▸ Brief: Reproduction of part of the material below, pictures omitted: copy exactly, and only, the lines starting with the one with "完 』だ!!!!真っ白な灰になる程燃え尽きた戦士だけに与えられる言葉…それが『完』なのである。 戻る▲ |" and going on through the one with "The banner reads".

▸ Given data:
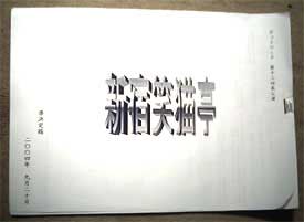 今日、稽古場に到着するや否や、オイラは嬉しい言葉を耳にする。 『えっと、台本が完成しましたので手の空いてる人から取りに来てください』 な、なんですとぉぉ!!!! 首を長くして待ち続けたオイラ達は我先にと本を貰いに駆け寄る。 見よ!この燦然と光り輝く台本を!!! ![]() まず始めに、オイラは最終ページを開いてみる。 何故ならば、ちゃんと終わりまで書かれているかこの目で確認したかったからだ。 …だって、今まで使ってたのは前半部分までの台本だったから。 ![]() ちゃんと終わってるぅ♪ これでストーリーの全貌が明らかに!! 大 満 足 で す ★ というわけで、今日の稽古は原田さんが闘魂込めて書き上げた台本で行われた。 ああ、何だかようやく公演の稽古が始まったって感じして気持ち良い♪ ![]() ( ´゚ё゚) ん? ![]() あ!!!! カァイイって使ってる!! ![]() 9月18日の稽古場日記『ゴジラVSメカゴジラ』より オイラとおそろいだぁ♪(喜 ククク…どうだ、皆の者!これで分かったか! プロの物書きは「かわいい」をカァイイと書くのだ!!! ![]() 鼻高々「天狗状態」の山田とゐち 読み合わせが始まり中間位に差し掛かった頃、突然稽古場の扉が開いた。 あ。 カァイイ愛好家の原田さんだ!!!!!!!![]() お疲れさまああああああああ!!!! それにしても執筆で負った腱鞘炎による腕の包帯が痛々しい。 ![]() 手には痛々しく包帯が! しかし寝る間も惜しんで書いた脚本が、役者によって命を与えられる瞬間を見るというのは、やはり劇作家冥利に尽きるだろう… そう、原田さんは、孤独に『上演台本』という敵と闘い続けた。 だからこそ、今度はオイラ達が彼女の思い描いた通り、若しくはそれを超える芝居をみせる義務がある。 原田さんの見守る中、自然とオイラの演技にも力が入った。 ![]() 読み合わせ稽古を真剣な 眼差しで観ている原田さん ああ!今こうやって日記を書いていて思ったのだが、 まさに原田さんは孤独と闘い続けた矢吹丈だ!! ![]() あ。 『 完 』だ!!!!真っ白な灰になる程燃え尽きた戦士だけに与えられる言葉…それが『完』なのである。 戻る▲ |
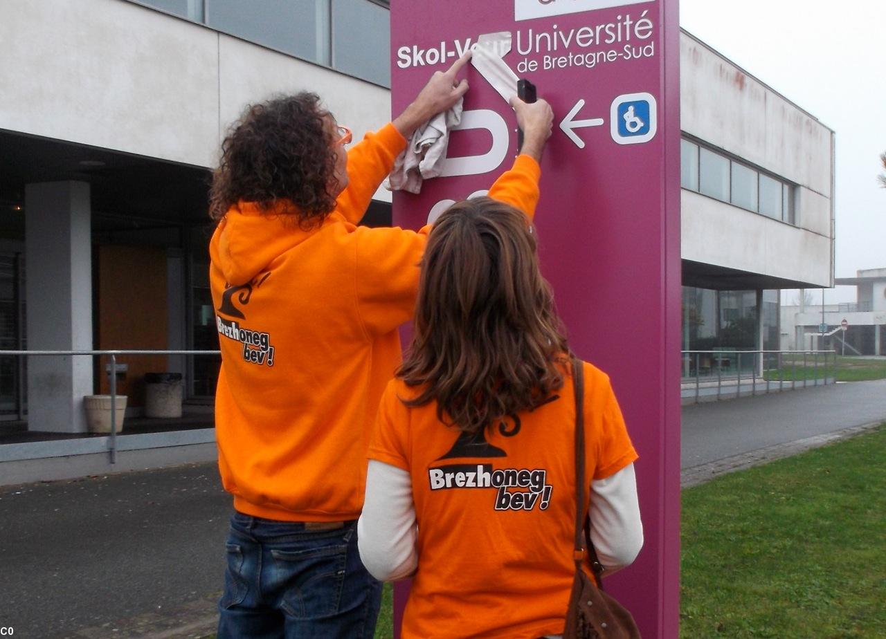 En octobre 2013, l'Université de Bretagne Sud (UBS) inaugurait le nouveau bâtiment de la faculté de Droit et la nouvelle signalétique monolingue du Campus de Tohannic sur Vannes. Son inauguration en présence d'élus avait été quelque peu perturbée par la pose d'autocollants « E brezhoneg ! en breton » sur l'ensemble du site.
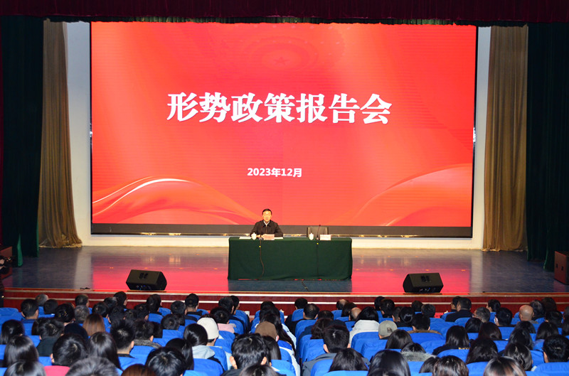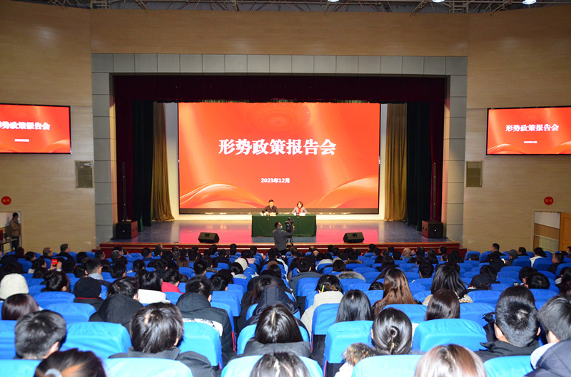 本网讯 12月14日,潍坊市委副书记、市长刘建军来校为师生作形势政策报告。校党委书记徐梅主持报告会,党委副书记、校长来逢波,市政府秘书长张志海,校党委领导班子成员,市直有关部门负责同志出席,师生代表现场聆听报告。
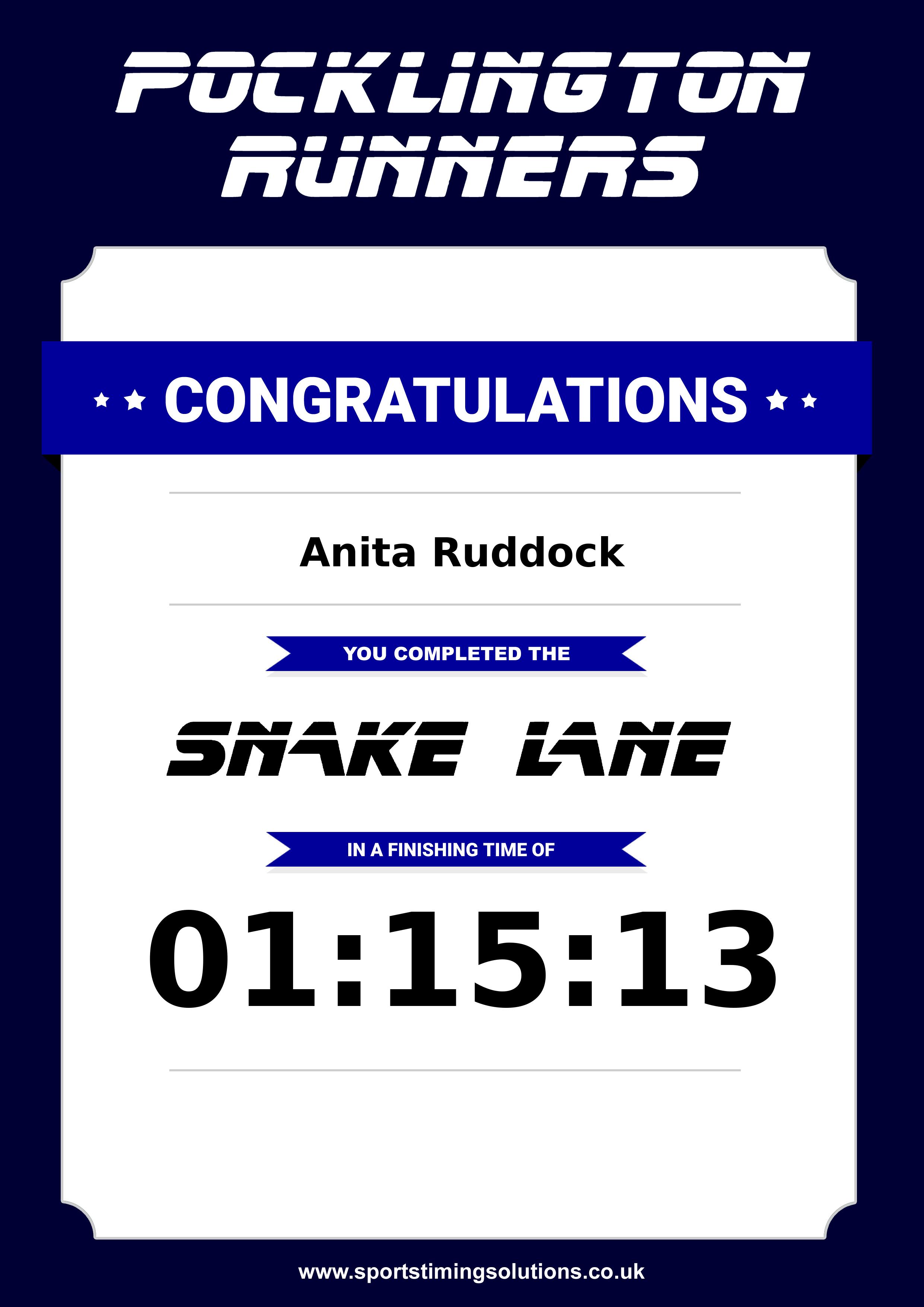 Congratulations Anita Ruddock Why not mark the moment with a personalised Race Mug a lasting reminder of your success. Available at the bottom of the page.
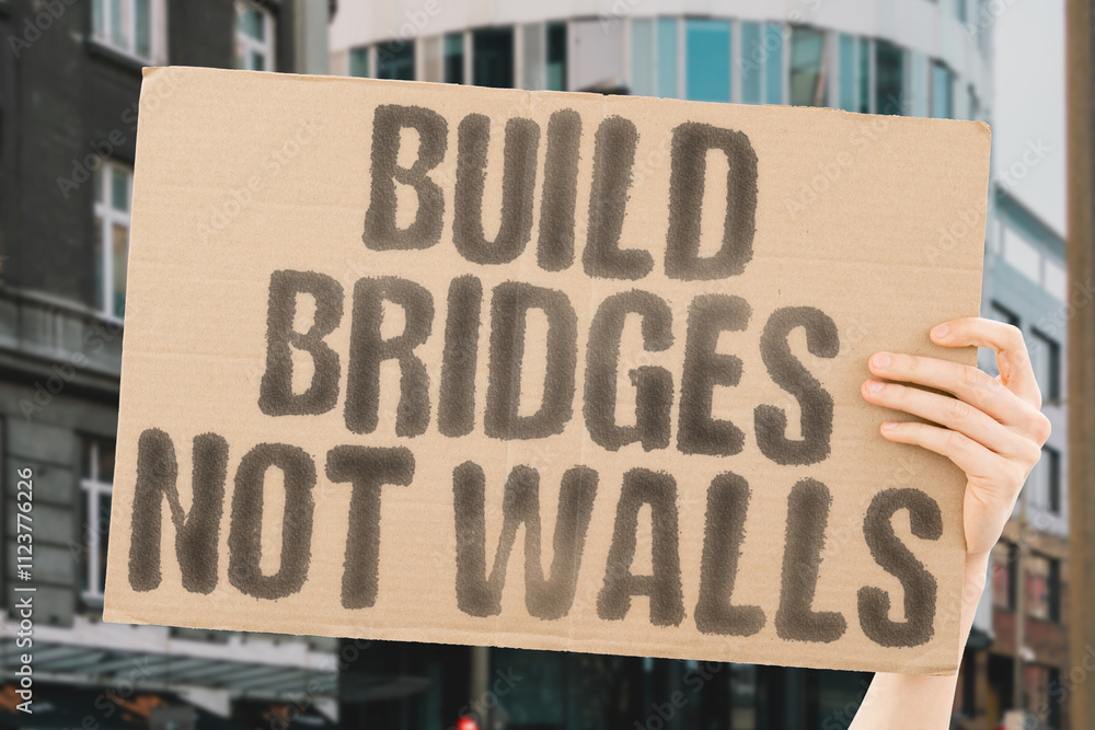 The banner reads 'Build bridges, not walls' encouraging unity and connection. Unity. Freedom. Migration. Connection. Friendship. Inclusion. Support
---
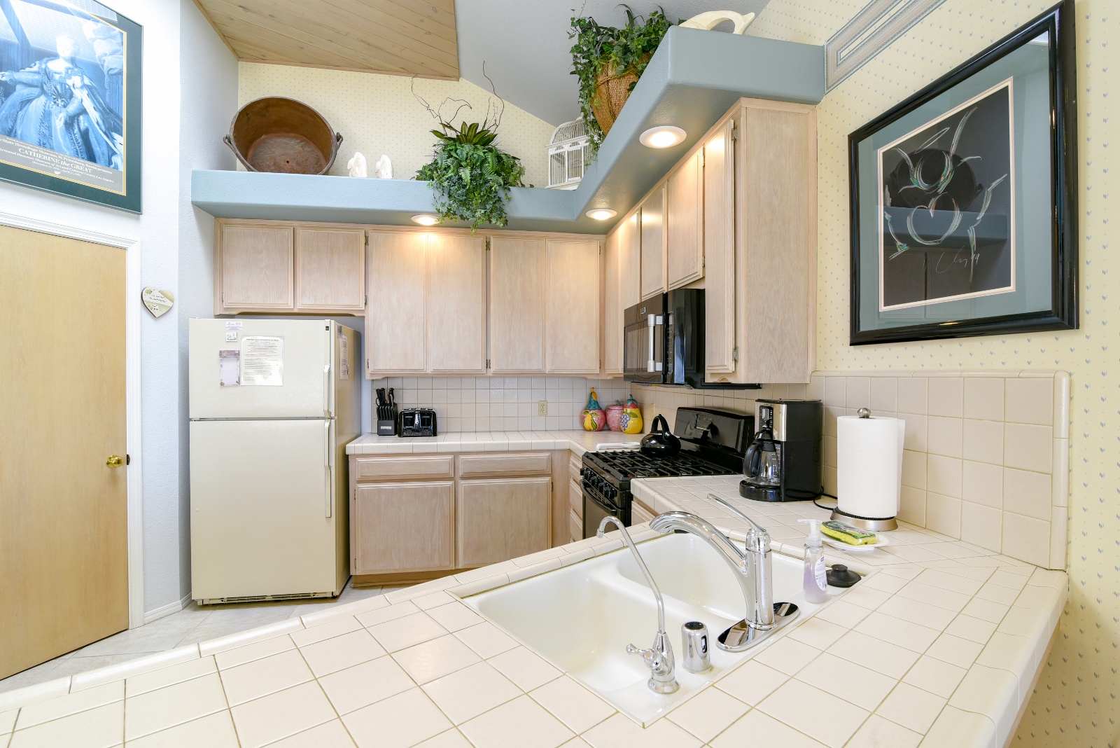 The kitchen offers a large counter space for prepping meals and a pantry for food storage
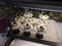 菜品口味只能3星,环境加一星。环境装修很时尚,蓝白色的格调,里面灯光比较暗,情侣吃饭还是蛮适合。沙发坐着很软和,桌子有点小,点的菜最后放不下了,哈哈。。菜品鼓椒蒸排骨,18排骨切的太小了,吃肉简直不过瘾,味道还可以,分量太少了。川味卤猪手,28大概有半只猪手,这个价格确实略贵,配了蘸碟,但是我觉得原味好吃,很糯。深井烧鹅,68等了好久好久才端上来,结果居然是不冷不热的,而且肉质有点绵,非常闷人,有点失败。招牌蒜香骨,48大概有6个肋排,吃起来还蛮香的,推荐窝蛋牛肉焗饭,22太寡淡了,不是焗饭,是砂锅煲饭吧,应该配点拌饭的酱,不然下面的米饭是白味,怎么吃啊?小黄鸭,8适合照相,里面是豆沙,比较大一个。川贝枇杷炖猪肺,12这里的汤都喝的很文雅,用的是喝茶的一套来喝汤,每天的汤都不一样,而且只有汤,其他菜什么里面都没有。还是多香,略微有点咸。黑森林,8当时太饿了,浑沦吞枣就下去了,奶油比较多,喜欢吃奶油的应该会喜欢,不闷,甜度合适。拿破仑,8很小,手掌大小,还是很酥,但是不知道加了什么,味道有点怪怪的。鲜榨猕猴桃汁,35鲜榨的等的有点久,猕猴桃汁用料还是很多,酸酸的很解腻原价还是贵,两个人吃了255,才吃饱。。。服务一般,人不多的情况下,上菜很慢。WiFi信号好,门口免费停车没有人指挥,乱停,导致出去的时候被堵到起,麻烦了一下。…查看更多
---
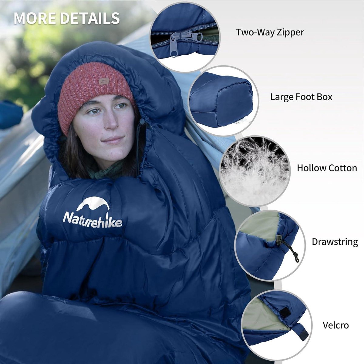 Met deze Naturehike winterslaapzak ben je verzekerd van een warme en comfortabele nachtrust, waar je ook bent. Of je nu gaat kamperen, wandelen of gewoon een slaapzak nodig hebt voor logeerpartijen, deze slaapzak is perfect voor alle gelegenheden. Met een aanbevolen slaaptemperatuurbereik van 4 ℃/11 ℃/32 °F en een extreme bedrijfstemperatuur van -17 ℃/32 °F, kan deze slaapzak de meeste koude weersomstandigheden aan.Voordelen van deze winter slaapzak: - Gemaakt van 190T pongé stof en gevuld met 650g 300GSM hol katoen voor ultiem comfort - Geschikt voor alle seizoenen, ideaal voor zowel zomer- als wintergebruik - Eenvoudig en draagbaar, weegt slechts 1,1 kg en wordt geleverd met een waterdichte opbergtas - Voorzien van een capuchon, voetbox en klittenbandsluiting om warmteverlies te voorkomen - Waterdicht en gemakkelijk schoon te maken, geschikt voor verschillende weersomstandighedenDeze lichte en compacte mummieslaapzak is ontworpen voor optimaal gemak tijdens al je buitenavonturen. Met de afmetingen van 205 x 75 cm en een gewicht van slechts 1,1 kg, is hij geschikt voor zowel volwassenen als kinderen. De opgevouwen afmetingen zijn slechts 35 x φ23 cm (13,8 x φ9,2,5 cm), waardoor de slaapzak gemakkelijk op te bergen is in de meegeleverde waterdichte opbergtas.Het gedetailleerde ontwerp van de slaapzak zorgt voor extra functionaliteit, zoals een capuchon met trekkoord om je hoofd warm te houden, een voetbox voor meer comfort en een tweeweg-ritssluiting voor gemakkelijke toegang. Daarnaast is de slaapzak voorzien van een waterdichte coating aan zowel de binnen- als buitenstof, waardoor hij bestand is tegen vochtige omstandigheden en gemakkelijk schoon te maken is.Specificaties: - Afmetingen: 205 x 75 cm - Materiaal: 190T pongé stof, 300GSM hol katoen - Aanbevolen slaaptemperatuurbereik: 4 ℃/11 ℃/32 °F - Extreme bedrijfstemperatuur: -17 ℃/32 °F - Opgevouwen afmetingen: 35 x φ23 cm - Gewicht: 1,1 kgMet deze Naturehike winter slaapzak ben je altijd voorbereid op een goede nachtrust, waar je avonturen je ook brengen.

▸ Exercise output:
 今日、稽古場に到着するや否や、オイラは嬉しい言葉を耳にする。 『えっと、台本が完成しましたので手の空いてる人から取りに来てください』 な、なんですとぉぉ!!!! 首を長くして待ち続けたオイラ達は我先にと本を貰いに駆け寄る。 見よ!この燦然と光り輝く台本を!!! ![]() まず始めに、オイラは最終ページを開いてみる。 何故ならば、ちゃんと終わりまで書かれているかこの目で確認したかったからだ。 …だって、今まで使ってたのは前半部分までの台本だったから。 ![]() ちゃんと終わってるぅ♪ これでストーリーの全貌が明らかに!! 大 満 足 で す ★ というわけで、今日の稽古は原田さんが闘魂込めて書き上げた台本で行われた。 ああ、何だかようやく公演の稽古が始まったって感じして気持ち良い♪ ![]() ( ´゚ё゚) ん? ![]() あ!!!! カァイイって使ってる!! ![]() 9月18日の稽古場日記『ゴジラVSメカゴジラ』より オイラとおそろいだぁ♪(喜 ククク…どうだ、皆の者!これで分かったか! プロの物書きは「かわいい」をカァイイと書くのだ!!! ![]() 鼻高々「天狗状態」の山田とゐち 読み合わせが始まり中間位に差し掛かった頃、突然稽古場の扉が開いた。 あ。 カァイイ愛好家の原田さんだ!!!!!!!![]() お疲れさまああああああああ!!!! それにしても執筆で負った腱鞘炎による腕の包帯が痛々しい。 ![]() 手には痛々しく包帯が! しかし寝る間も惜しんで書いた脚本が、役者によって命を与えられる瞬間を見るというのは、やはり劇作家冥利に尽きるだろう… そう、原田さんは、孤独に『上演台本』という敵と闘い続けた。 だからこそ、今度はオイラ達が彼女の思い描いた通り、若しくはそれを超える芝居をみせる義務がある。 原田さんの見守る中、自然とオイラの演技にも力が入った。 ![]() 読み合わせ稽古を真剣な 眼差しで観ている原田さん ああ!今こうやって日記を書いていて思ったのだが、 まさに原田さんは孤独と闘い続けた矢吹丈だ!! ![]() あ。 『 完 』だ!!!!真っ白な灰になる程燃え尽きた戦士だけに与えられる言葉…それが『完』なのである。 戻る▲ |
 En octobre 2013, l'Université de Bretagne Sud (UBS) inaugurait le nouveau bâtiment de la faculté de Droit et la nouvelle signalétique monolingue du Campus de Tohannic sur Vannes. Son inauguration en présence d'élus avait été quelque peu perturbée par la pose d'autocollants « E brezhoneg ! en breton » sur l'ensemble du site.
 本网讯 12月14日,潍坊市委副书记、市长刘建军来校为师生作形势政策报告。校党委书记徐梅主持报告会,党委副书记、校长来逢波,市政府秘书长张志海,校党委领导班子成员,市直有关部门负责同志出席,师生代表现场聆听报告。
 Congratulations Anita Ruddock Why not mark the moment with a personalised Race Mug a lasting reminder of your success. Available at the bottom of the page.
 The banner reads 'Build bridges, not walls' encouraging unity and connection. Unity. Freedom. Migration. Connection. Friendship. Inclusion. Support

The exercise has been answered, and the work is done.